I’ve gone back and forth with ‘Ken’ on the Popehat blog more than once over the last few years regarding his remaining an anonymous blogger.
Perhaps I don’t like anonymous bloggers. Perhaps I was envious of what is a dam good title for a law blog. Perhaps I am too defensive.
But no question I ran across the law blog because of it’s valuable insight and commentary running under the tagline “A Group Complaint About Law, Liberty, and Leisure. Ken didn’t hold a punch.
Popehat was ‘outed’ when Radley Balko, senior editor at Reason magazine, and a policy analyst for the Cato Institute, specializing in vice and civil liberties issues, asked White to write about the culture of prosecutorial conduct for Reason.
Unlike too many other criminal defense law bloggers, Ken didn’t hold back on his views in the Reason article, ‘Culture of Misconduct: The Misplaced priorities of prosecutors.’
Yet state and federal prosecutors routinely fall short of this ideal (that prosecutors may strike hard blows but not foul ones). There are too many stories of convictions obtained through subornation of perjury, through suppression of exculpatory evidence, and through the willful use of unreliable, wrongfully obtained confessions.

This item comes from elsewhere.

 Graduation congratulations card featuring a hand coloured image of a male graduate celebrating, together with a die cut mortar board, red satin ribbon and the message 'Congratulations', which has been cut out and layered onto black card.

It’s difficult enough to detect misconduct, mostly due to inadequate funding for criminal defense. But if detection is rare, redress is even rarer. Prosecutors enjoy “absolute immunity” from lawsuits, a privilege no other profession in America enjoys save for judges. In theory, state bars should sanction misbehaving prosecutors, but that is also vanishingly rare. Last September, USA Today found 210 cases in which federal prosecutors had committed ethical breaches so egregious that a federal judge personally rebuked the prosecutor, overturned a conviction, or dismissed the criminal charges entirely. The prosecutor faced serious discipline from a state bar in just one of those 210 cases. Recent studies of misconduct among state prosecutors in California have produced similar results: disturbing examples of misconduct and an even more disturbing lack of accountability.
Though White was finding the ‘veneer of anonymity’ wearing thin and knew that he would soon be ‘outed’ by a successful pro bono defense of a science blogger against a SLAPP threat, he still supports bloggers who choose to remain anonymous.

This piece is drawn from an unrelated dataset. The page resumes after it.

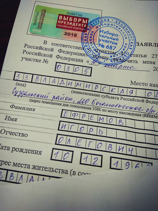 - Открепительное пришлось брать, чтобы поучаствовать в выборах президента по реальному месту жительства, - объяснил Ефремов. - Я был первым избирателем с открепительным удостоверением на участке.

I’ll also now concede, fully appreciating White’s reasons for anonymity, that there is a place for the anonymous law blogger.
We use the phrase a lawyer’s lawyer in our profession. To me that’s always meant a lawyer among lawyers – someone willing to put up a fight (no matter the personal consequences), a lawyer who’s worked hard to earn their reputation, and a lawyer that gets the best work all by word of mouth, not advertising or promoting themselves.
White, who uses his blog not to promote his firm or practice, may be described as a law blogger’s blogger.
The fact is that bloggers like White do hone their legal skills through blogging, they reinforce their principals through blogging, and ultimately earn a reputation as an excellent lawyer through blogging.
Maybe 2012 will prove to be the year when more lawyers (especially criminal defense lawyers) realize a blog is not a cheap marketing ploy.